### Directions for this task:
Make an exact copy of all the records, one that contains none of the pictures.

### Recorded information:
+ + + + + + +

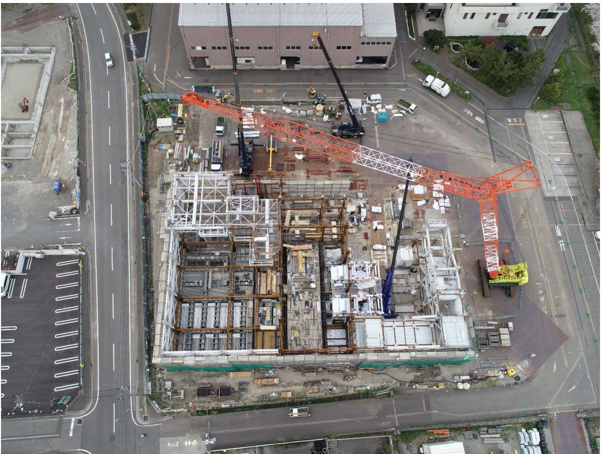
居室部分の鉄骨組立中
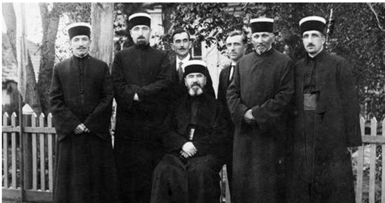
Караїми Галича 91

У 1921 р. у місті проживало 582 євреї (16,9% від усього населення), у 1931 р. — 878 євреїв, у 1939 р. — близько однієї тисячі євреїв і приблизно сто караїмів.
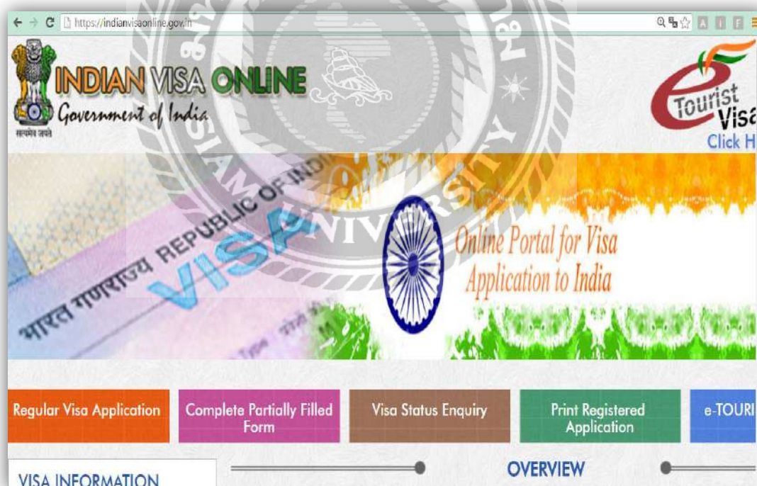
รูปที่ 4.2 โปรแกรมกรอกเอกสารในระบบ https://indianvisaonline.gov.in/

ประเทศอินเดียจะต้องมีการทำวีซ่าเข้าประเทศ โดยทางบริษัทจะมีการกรอกข้อมูลการทำวีซ่าให้แก่ลูกค้า โดยจะขอพาสปอร์ตตัวจริง รูปพื้นหลังขาว ขนาด 2x2 จำนวน 3 ใบ สำเนาบัตรประชาชน สำเนาทะเบียนบ้าน เบอร์โทรศัพท์ที่สามารถติดต่อได้ การไปประเทศอินเดียจะต้องทำเอกสารยื่นวีซ่า โดยต้องกรอกเอกสารในระบบ https://indianvisaonline.gov.in/
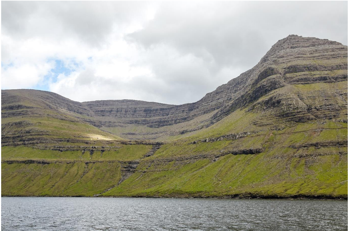
Mynd 7: Veðrið í Haraldssundi á landnyrðingi eystri er sum veðrið, tá ið ættin er eystan. Hann kemur úr Svartadali yvir um sundið.
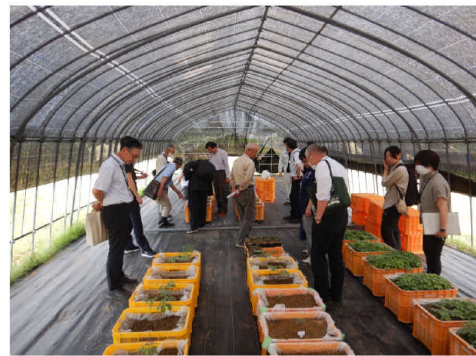
▲栽培講習会の様子
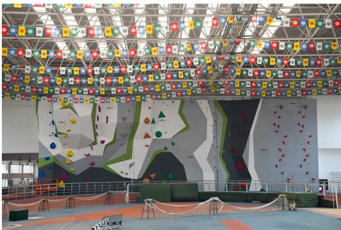
图 4 新落成的难度墙与速度墙
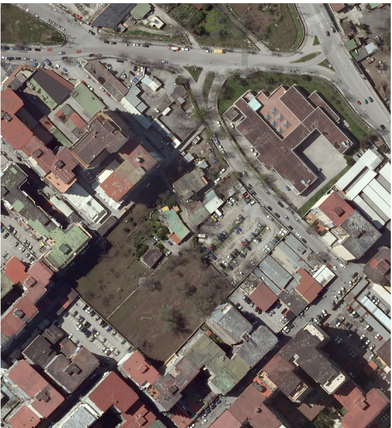
6 - vista zenitale
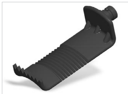
ulrich Caspar Valven lateral ulrich Caspar blades lateral
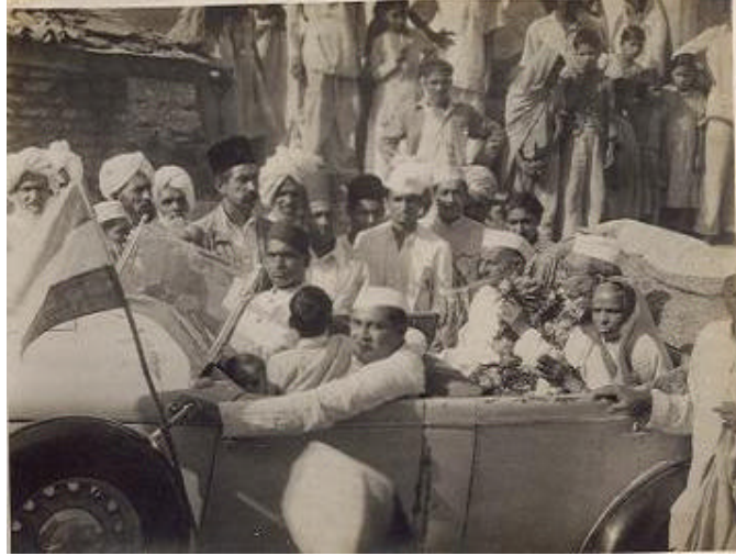
બાકરોલમાં મુસ્લિમ ભાઈઓ સ્વાગત કરે છે.
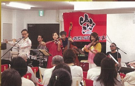
5月18日(土)：アブサント・アンサンブル／弦楽器とフルートなどによる7人編成の音楽コンサート。

素敵な音楽が鑑賞できたり、プロの落語が生で聴けたり、30回目を迎えた「ふしおだい山びこフェスタ」の会場は、いつも満員の盛況です。(※上半期は3回開催。)
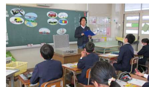
【税に関する授業風景】
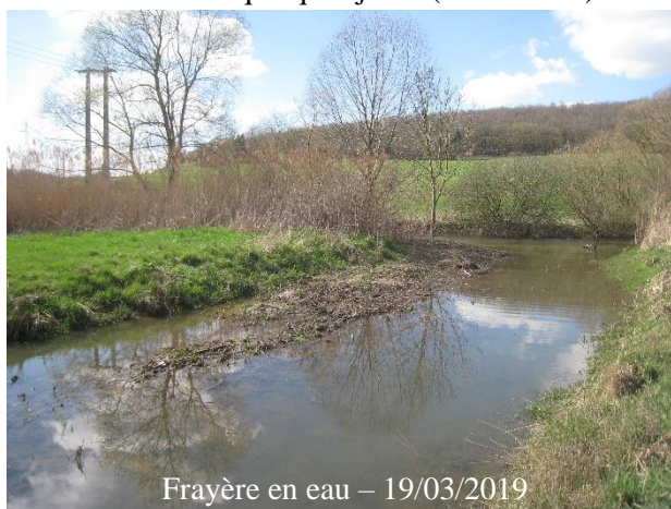
Frayère en eau – 19/03/2019

Cette année, la frayère a été en eau seulement quelques jours (semaine 11) entre février à mai.
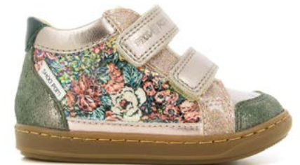
Bouba Easy Co 4 - Flowers - Dust/ Pink - Eden - Multi
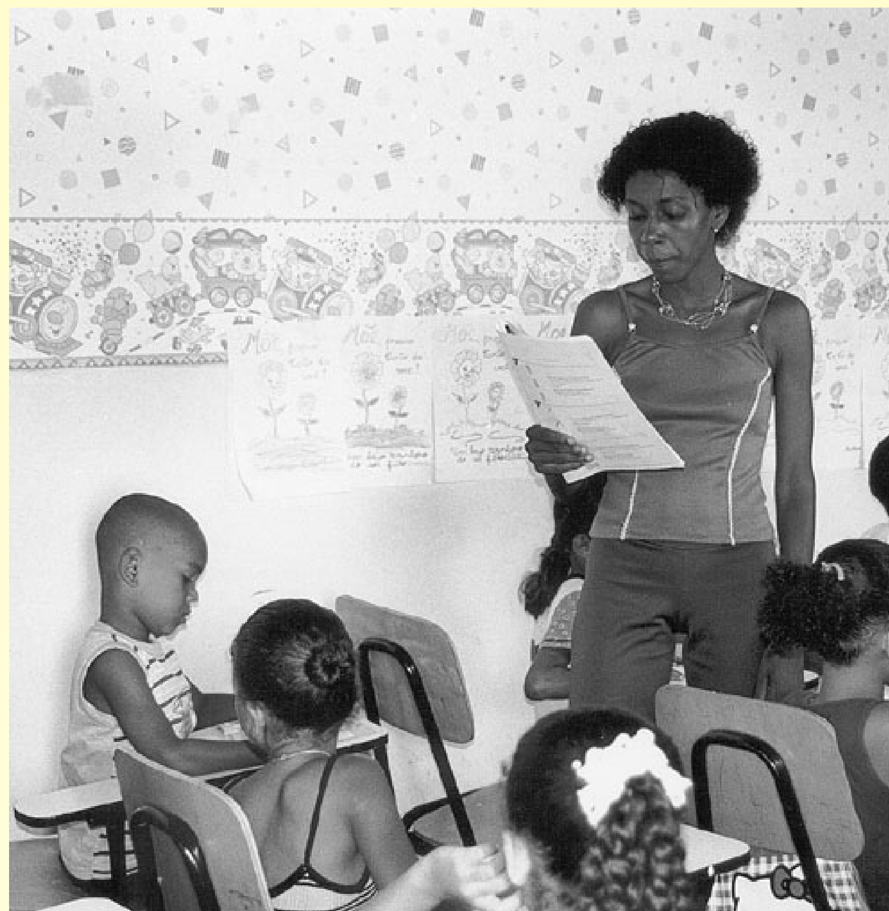
Professora aplicando a Avaliação da Aprendizagem

A UFBA/ISP, através da sua Agência de Avaliação, está realizando a avaliação diagnóstica da aprendizagem dos alunos da 1ª e da 2ª. série do ensino fundamental, inédita na Bahia e concebida pela Secretaria de Educação e Cultura do Estado. A avaliação se processará em larga escala e ocorrerá, num primeiro momento, em julho de 2001, em 130 municípios baianos, abrangendo 1510 escolas e um universo de aproximadamente 285 mil alunos. O primeiro passo dado com vistas ao teste de julho foi a oficina pedagógica para elaboração de descritores que objetivou a definição das competências e habilidades a serem evidenciadas pelos alunos com relação ao domínio dos conteúdos de Português e Matemática de cada unidade de ensino a ser avaliada.
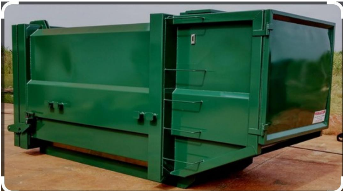
Modelo Coletor Estacionário
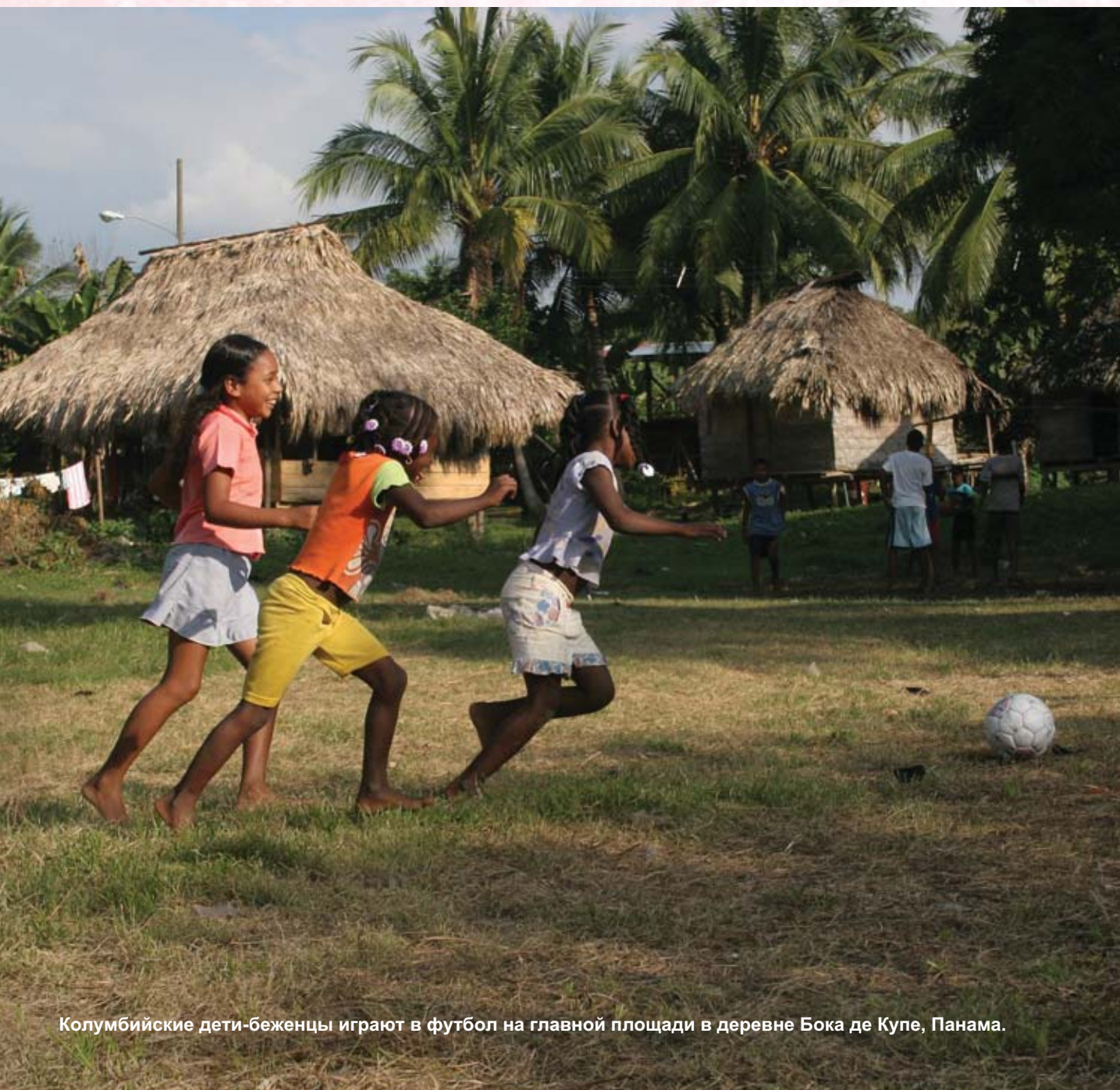
Колумбийские дети-беженцы играют в футбол на главной площади в деревне Бока де Купе, Панама.
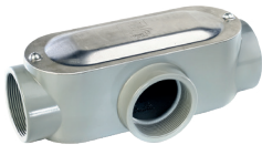
Caja de registro Oval IMC
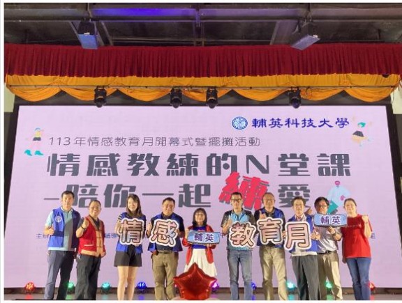
2024-10-16 輔英科大情感教育月 校長化身「情感教練」陪你一起練愛。
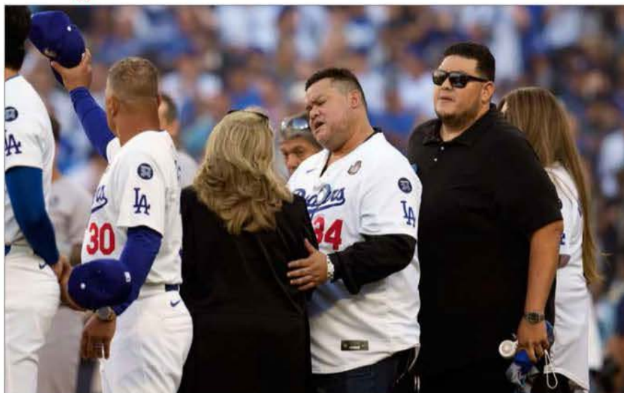
▲ Fernando Toro Valenzuela fue la estrella en el inicio de la Serie Mundial entre Dodgers y Yanquis, donde rindieron tributo al serpentinerino en un ambiente latino, entre flores y cánticos. Lo recordaron con videos y música de mariachi. En vez de primer lanzamiento, los ex beisbolistas Orel Hershiser y Steve Yeager colocaron la pelota en la parte posterior
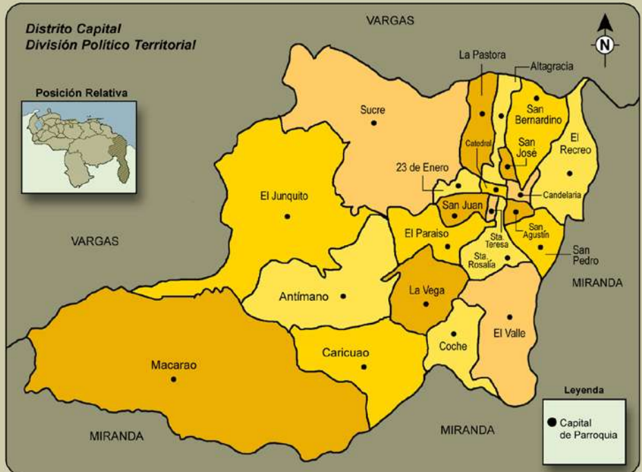
Población y Viviendas, según Parroquia, Censo 2001

Nota: La población total del Censo comprenderá el dato presentado en este informe más la estimación de la población omitida que se obtenga de la Encuesta Evaluativa del Censo realizada con este fin.
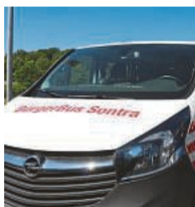
Bürgerbus Sontra: Fahrten am Mittwoch und Freitag auf Abruf

Sontra – Seit eineinhalb Jahren fährt der Bürgerbus Sontra bereits bei Bedarf und nach vorheriger telefonischer Anmeldung in der Stadtverwaltung immer mittwochs und freitags in der Zeit von 10 bis 13 Uhr seine wöchentliche Tour. Mit diesem geänderten Angebot wollte man flexibler auf die Wünsche der Fahrgäste reagieren und unnütze Leerfahrten bei einem festgelegten Fahrplan vermeiden. Der Bürgerbus ergänzt das Angebot des öffentlichen Personennahverkehrs und soll insbesondere Menschen, die selbst nicht mehr oder nur eingeschränkt mobil sind, einen kostenlosen Fahrservice bieten, um zum Beispiel einzukaufen und Arzt- oder Behördentermine wahrzunehmen. Gefahren wird der Bürgerbus von ehrenamtlichen Fahrerinnen und Fahrern. Zusätzlich gibt es vom LIDL-Parkplatz Sontra

+ + + + + + +

### Result of the exercise:
居室部分の鉄骨組立中
Караїми Галича 91

У 1921 р. у місті проживало 582 євреї (16,9% від усього населення), у 1931 р. — 878 євреїв, у 1939 р. — близько однієї тисячі євреїв і приблизно сто караїмів.
รูปที่ 4.2 โปรแกรมกรอกเอกสารในระบบ https://indianvisaonline.gov.in/

ประเทศอินเดียจะต้องมีการทำวีซ่าเข้าประเทศ โดยทางบริษัทจะมีการกรอกข้อมูลการทำวีซ่าให้แก่ลูกค้า โดยจะขอพาสปอร์ตตัวจริง รูปพื้นหลังขาว ขนาด 2x2 จำนวน 3 ใบ สำเนาบัตรประชาชน สำเนาทะเบียนบ้าน เบอร์โทรศัพท์ที่สามารถติดต่อได้ การไปประเทศอินเดียจะต้องทำเอกสารยื่นวีซ่า โดยต้องกรอกเอกสารในระบบ https://indianvisaonline.gov.in/
Mynd 7: Veðrið í Haraldssundi á landnyrðingi eystri er sum veðrið, tá ið ættin er eystan. Hann kemur úr Svartadali yvir um sundið.
▲栽培講習会の様子
图 4 新落成的难度墙与速度墙
6 - vista zenitale
ulrich Caspar Valven lateral ulrich Caspar blades lateral
બાકરોલમાં મુસ્લિમ ભાઈઓ સ્વાગત કરે છે.
5月18日(土)：アブサント・アンサンブル／弦楽器とフルートなどによる7人編成の音楽コンサート。

素敵な音楽が鑑賞できたり、プロの落語が生で聴けたり、30回目を迎えた「ふしおだい山びこフェスタ」の会場は、いつも満員の盛況です。(※上半期は3回開催。)
【税に関する授業風景】
Frayère en eau – 19/03/2019

Cette année, la frayère a été en eau seulement quelques jours (semaine 11) entre février à mai.
Bouba Easy Co 4 - Flowers - Dust/ Pink - Eden - Multi
Professora aplicando a Avaliação da Aprendizagem

A UFBA/ISP, através da sua Agência de Avaliação, está realizando a avaliação diagnóstica da aprendizagem dos alunos da 1ª e da 2ª. série do ensino fundamental, inédita na Bahia e concebida pela Secretaria de Educação e Cultura do Estado. A avaliação se processará em larga escala e ocorrerá, num primeiro momento, em julho de 2001, em 130 municípios baianos, abrangendo 1510 escolas e um universo de aproximadamente 285 mil alunos. O primeiro passo dado com vistas ao teste de julho foi a oficina pedagógica para elaboração de descritores que objetivou a definição das competências e habilidades a serem evidenciadas pelos alunos com relação ao domínio dos conteúdos de Português e Matemática de cada unidade de ensino a ser avaliada.
Modelo Coletor Estacionário
Колумбийские дети-беженцы играют в футбол на главной площади в деревне Бока де Купе, Панама.
Caja de registro Oval IMC
2024-10-16 輔英科大情感教育月 校長化身「情感教練」陪你一起練愛。
▲ Fernando Toro Valenzuela fue la estrella en el inicio de la Serie Mundial entre Dodgers y Yanquis, donde rindieron tributo al serpentinerino en un ambiente latino, entre flores y cánticos. Lo recordaron con videos y música de mariachi. En vez de primer lanzamiento, los ex beisbolistas Orel Hershiser y Steve Yeager colocaron la pelota en la parte posterior
Población y Viviendas, según Parroquia, Censo 2001

Nota: La población total del Censo comprenderá el dato presentado en este informe más la estimación de la población omitida que se obtenga de la Encuesta Evaluativa del Censo realizada con este fin.
Bürgerbus Sontra: Fahrten am Mittwoch und Freitag auf Abruf

Sontra – Seit eineinhalb Jahren fährt der Bürgerbus Sontra bereits bei Bedarf und nach vorheriger telefonischer Anmeldung in der Stadtverwaltung immer mittwochs und freitags in der Zeit von 10 bis 13 Uhr seine wöchentliche Tour. Mit diesem geänderten Angebot wollte man flexibler auf die Wünsche der Fahrgäste reagieren und unnütze Leerfahrten bei einem festgelegten Fahrplan vermeiden. Der Bürgerbus ergänzt das Angebot des öffentlichen Personennahverkehrs und soll insbesondere Menschen, die selbst nicht mehr oder nur eingeschränkt mobil sind, einen kostenlosen Fahrservice bieten, um zum Beispiel einzukaufen und Arzt- oder Behördentermine wahrzunehmen. Gefahren wird der Bürgerbus von ehrenamtlichen Fahrerinnen und Fahrern. Zusätzlich gibt es vom LIDL-Parkplatz Sontra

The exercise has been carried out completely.